[Start of Attachment]

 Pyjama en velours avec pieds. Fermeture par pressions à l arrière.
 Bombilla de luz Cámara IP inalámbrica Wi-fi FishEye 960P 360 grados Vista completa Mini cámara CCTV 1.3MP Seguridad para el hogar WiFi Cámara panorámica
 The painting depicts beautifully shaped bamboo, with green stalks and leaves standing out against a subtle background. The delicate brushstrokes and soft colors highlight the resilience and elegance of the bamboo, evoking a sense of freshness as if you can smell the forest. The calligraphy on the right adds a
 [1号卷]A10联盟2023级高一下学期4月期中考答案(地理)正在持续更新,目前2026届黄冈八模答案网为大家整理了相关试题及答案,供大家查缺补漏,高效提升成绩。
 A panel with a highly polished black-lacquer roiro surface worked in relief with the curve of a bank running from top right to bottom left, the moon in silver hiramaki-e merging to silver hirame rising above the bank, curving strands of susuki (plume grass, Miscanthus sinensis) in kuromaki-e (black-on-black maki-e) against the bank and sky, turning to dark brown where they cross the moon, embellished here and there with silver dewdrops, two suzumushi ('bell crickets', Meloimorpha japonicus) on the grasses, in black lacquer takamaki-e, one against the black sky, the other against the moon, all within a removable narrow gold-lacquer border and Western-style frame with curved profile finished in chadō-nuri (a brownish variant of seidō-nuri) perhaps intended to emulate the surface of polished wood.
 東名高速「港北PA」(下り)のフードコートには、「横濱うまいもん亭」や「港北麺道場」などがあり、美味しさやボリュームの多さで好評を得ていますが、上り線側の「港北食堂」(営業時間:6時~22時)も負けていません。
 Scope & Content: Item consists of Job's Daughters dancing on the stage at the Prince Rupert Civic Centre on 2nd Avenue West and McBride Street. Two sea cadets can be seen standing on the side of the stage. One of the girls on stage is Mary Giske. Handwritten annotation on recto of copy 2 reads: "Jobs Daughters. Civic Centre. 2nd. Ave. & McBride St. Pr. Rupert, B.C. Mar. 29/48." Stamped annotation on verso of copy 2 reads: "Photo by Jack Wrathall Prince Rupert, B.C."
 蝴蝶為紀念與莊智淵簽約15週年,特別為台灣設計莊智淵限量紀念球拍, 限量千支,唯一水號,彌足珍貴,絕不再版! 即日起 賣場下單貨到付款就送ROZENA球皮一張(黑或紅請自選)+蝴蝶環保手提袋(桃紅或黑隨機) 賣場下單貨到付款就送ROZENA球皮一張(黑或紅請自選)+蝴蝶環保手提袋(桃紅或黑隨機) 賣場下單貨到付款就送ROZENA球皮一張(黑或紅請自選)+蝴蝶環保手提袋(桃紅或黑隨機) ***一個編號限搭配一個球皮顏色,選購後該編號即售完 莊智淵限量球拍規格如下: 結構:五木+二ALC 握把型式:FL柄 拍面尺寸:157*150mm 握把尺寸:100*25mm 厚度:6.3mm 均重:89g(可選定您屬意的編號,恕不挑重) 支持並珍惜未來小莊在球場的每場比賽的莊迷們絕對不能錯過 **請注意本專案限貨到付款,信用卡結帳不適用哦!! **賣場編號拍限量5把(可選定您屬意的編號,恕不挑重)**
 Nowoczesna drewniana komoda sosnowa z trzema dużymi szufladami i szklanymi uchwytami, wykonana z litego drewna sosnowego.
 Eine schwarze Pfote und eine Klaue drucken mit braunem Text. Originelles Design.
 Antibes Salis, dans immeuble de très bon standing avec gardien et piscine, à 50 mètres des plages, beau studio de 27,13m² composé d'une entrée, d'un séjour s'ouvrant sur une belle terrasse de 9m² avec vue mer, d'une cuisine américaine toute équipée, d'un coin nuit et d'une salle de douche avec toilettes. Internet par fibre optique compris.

[End of Attachment]

» **Exercise requirements**: Among the lines above, repeat exactly those from the line with "Scope & Content: Item" to the line with "Eine schwarze Pfote", counting both ends.

» **Solution to this exercise**:
 Scope & Content: Item consists of Job's Daughters dancing on the stage at the Prince Rupert Civic Centre on 2nd Avenue West and McBride Street. Two sea cadets can be seen standing on the side of the stage. One of the girls on stage is Mary Giske. Handwritten annotation on recto of copy 2 reads: "Jobs Daughters. Civic Centre. 2nd. Ave. & McBride St. Pr. Rupert, B.C. Mar. 29/48." Stamped annotation on verso of copy 2 reads: "Photo by Jack Wrathall Prince Rupert, B.C."
 蝴蝶為紀念與莊智淵簽約15週年,特別為台灣設計莊智淵限量紀念球拍, 限量千支,唯一水號,彌足珍貴,絕不再版! 即日起 賣場下單貨到付款就送ROZENA球皮一張(黑或紅請自選)+蝴蝶環保手提袋(桃紅或黑隨機) 賣場下單貨到付款就送ROZENA球皮一張(黑或紅請自選)+蝴蝶環保手提袋(桃紅或黑隨機) 賣場下單貨到付款就送ROZENA球皮一張(黑或紅請自選)+蝴蝶環保手提袋(桃紅或黑隨機) ***一個編號限搭配一個球皮顏色,選購後該編號即售完 莊智淵限量球拍規格如下: 結構:五木+二ALC 握把型式:FL柄 拍面尺寸:157*150mm 握把尺寸:100*25mm 厚度:6.3mm 均重:89g(可選定您屬意的編號,恕不挑重) 支持並珍惜未來小莊在球場的每場比賽的莊迷們絕對不能錯過 **請注意本專案限貨到付款,信用卡結帳不適用哦!! **賣場編號拍限量5把(可選定您屬意的編號,恕不挑重)**
 Nowoczesna drewniana komoda sosnowa z trzema dużymi szufladami i szklanymi uchwytami, wykonana z litego drewna sosnowego.
 Eine schwarze Pfote und eine Klaue drucken mit braunem Text. Originelles Design.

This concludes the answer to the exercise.